30 juin 2008
Le mahalépi mystère d'Andreas Mavrommatis
Tous les bloggeurs culinaires s'y essaient à un moment ou à un autre : copier une recette goûtée au resto, la moderniser, la japoniser, l'auvergnatiser (c'est selon les goûts), la détourner en sucré si elle est salée et inversément. A sa sauce.
Cette fois chers lecteurs, j'ai besoin de concours extérieurs : je recherche la recette du mahalépi.
Cékoiça ?
Une crème onctueuse et légère, servie par Andreas Mavrommatis dans ses restos et traiteurs de cuisine grecque. Légèrement parfumée à la fleur d'oranger, saupoudrée de pistaches grillées. Une tuerie. Un truc de malade.
Mes tentatives diverses ne m'ont pas permis pour l'instant d'obtenir autre chose que des crèmes à la fleur d'oranger pas mal, mais un peu grumeleuses, ou pas assez parfumées, ni onctueuses.

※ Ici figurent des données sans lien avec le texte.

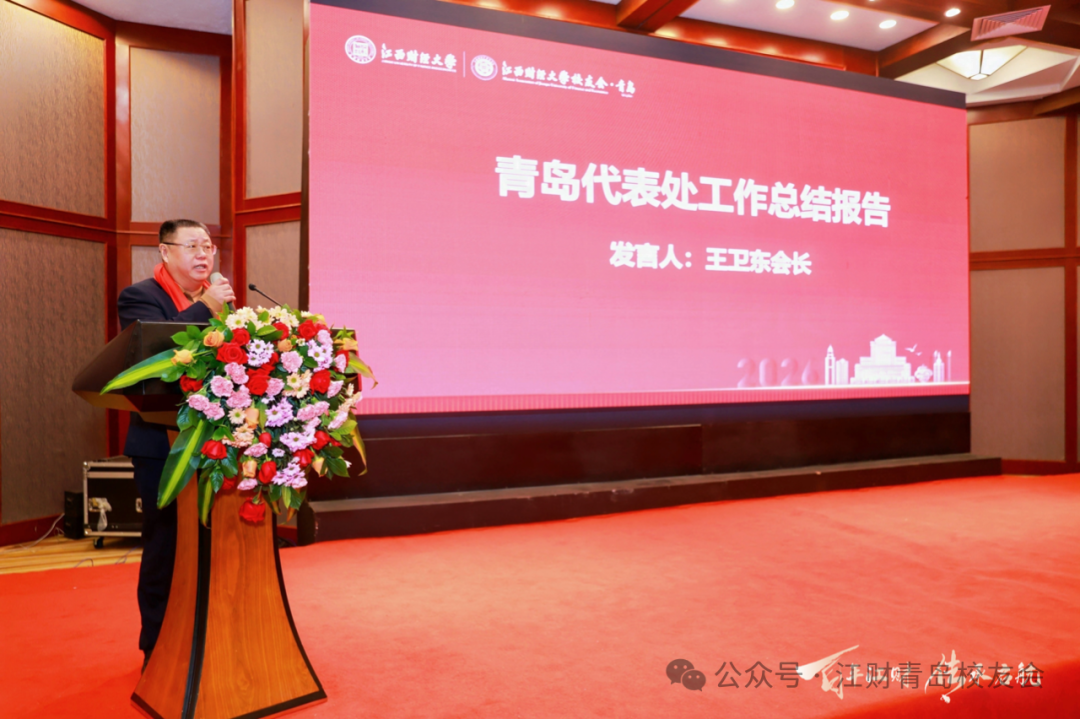 青岛代表处第四届理事会会长王卫东作工作报告。他用扎实的数据与鲜活的案例,回顾了过去多年在校友联络、校企合作对接、校友论坛、平台搭建等方面的亮眼成效,系统梳理了校友会为凝聚校友力量、服务校友发展所做的努力与积累,为换届交接筑牢坚实基础。王卫东表示,青岛校友会的发展离不开全体校友的同心协力与无私奉献,如今将这份责任交接出去,满心都是期待与祝福,“相信在纪东会长的带领下,青岛代表处一定会焕发更蓬勃的生机,愿大家永远铭记‘信敏廉毅’校训,永葆江财人的赤子之心”。

Alors que faire : acheter tous les mahalépi du magasin, en planter une partie pour voir si ça pousse ? Louer un microscope et démarrer une culture en frigo ? Invoquer la pythie de Delphes pour savoir si j'y arriverai un jour ? Déposer des offrandes au Louvre, section Grèce antique ? Mais non, bien sûr, faire appel à vous. 
Plutôt que de relayer des chaînes de mails débiles pour perdre trois kilos ou faire baisser le prix du gasoil (comme ça au passage, je recevrai plus ce genre de mails, merci), relayez ma demande... Celui qui me trouve la recette idéale du mahalépi, je l'invite au resto. Tiens, chez Mavrommatis, justement.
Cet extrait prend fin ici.